Why the FBI concluded Hillary Clinton’s email practices did not rise to the level of criminal charges
Reporting from Washington — Federal law makes it a crime for a trusted U.S. official to “knowingly and willfully” disclose or transmit secret information to an “unauthorized person.” A second law makes it a crime to “remove” secret documents kept by the government or to allow them to be stolen through “gross negligence.”
Neither law applies clearly or directly to what FBI Director James B. Comey described Tuesday as Hillary Clinton’s “extremely careless” handling of classified emails that were sent through her private system when she was the secretary of State.
“It’s just not a crime under current law to do nothing more than share sensitive information over unsecured networks,” said Stephen Vladeck, a law professor at the University of Texas. “Maybe it should be, but that’s something for Congress to decide going forward.”
Comey made clear, Vladeck said, that “however much we might want federal law to make her carelessness a crime, nothing she did falls within the letter of the relevant federal criminal statutes.”
The laws protecting classified information go back to World War I and the need to protect military secrets from enemy agents. In recent decades, however, these laws have been used at times to prosecute officials who gave classified information to people who are not entrusted to have it.
The best-known recent case involved Army general and former CIA Director David H. Petraeus, who pleaded guilty to a misdemeanor for disclosing highly secret information, including the identities of covert agents, by giving it to his girlfriend, who was writing his biography. He was also accused to lying to the FBI during the investigation.
Sandy Berger, a former national security advisor under President Bill Clinton, also pleaded guilty to a misdemeanor for leaving the National Archives with classified documents hidden in his socks.
John M. Deutch, another former CIA director, narrowly avoided a misdemeanor charge for having taken hundreds of top secret files home on his laptop computer. He was pardoned by Clinton before charges were filed.
But none of those cases fit the peculiar situation whereby the secretary of State chose to bypass the department’s non-classified email system and instead relied on a personal server to handle her regular communications with her staff.
Hillary Clinton also used the department’s secure email system for transmitting classified information, but the FBI found that some of the regular communications with her staff on the personal server involved facts and details that she should have known were classified. In a few cases, the emails bore markings to indicate they contained classified information.
However, investigators did not find evidence she knowingly or intentionally disclosed government secrets or that she exposed secrets through gross negligence. Clinton’s apparent interest was in maintaining her privacy.
In the end, Comey, a deputy attorney general under President George W. Bush, said Clinton’s careless conduct fell short of a crime because there was no evidence of “clearly intentional and willful mishandling” of classified information and no sign of “disloyalty” or an effort to “obstruct justice.”
“In looking back at our investigations into mishandling or removal of classified information, we cannot find a case that would support bringing criminal charges on these facts,” Comey said.
The Espionage Act says it is a crime to improperly share or lose any document, writing or other military information through gross negligence.
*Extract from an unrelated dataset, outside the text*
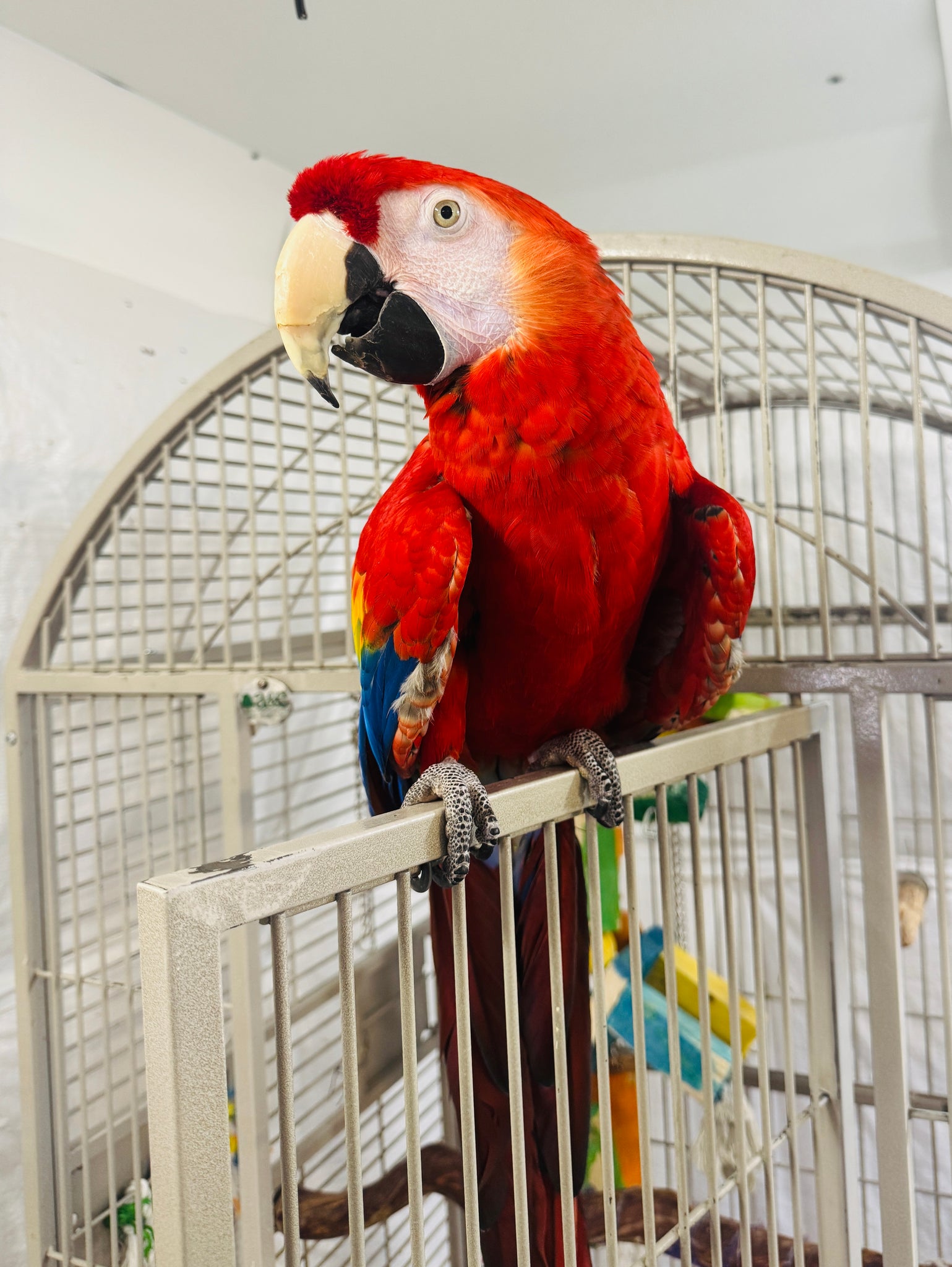 Scarlet macaws like Petra are highly social and inquisitive, and they need plenty of daily interaction, mental stimulation, and space to stay happy. She will do best with someone committed to providing several hours of out-of-cage time, durable toys for chewing, and a spacious cage or aviary setup.
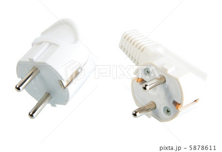 Common cheap plastic AC power wall outlet. German circular recess socket with two round holes for 2 pins europlugs types C, E and F. Not grounded European white electrical socket CEE 7 against wall

But prosecutors said they were unaware of any convictions based on gross negligence alone.
The FBI’s recommendation did not come as a surprise to lawyers who closely follow issues involving classified information. Many of them were surprised to learn of Clinton’s private email server, but they also thought it did not rise to the level of criminal offense.
Stewart Baker, a top national security lawyer in the Bush administration, called Comey’s statement “pretty damning for Secretary Clinton, even if the facts don’t make for an impressive criminal case. He suggests that she should have been, or arguably could still be, subjected to ‘security or administrative sanctions.’ What he doesn’t say, but what we can infer, is that she ran those incredible risks with national security information because she was more worried about the GOP reading her mail than of Russian or Chinese spies reading it. That’s appalling,” he said.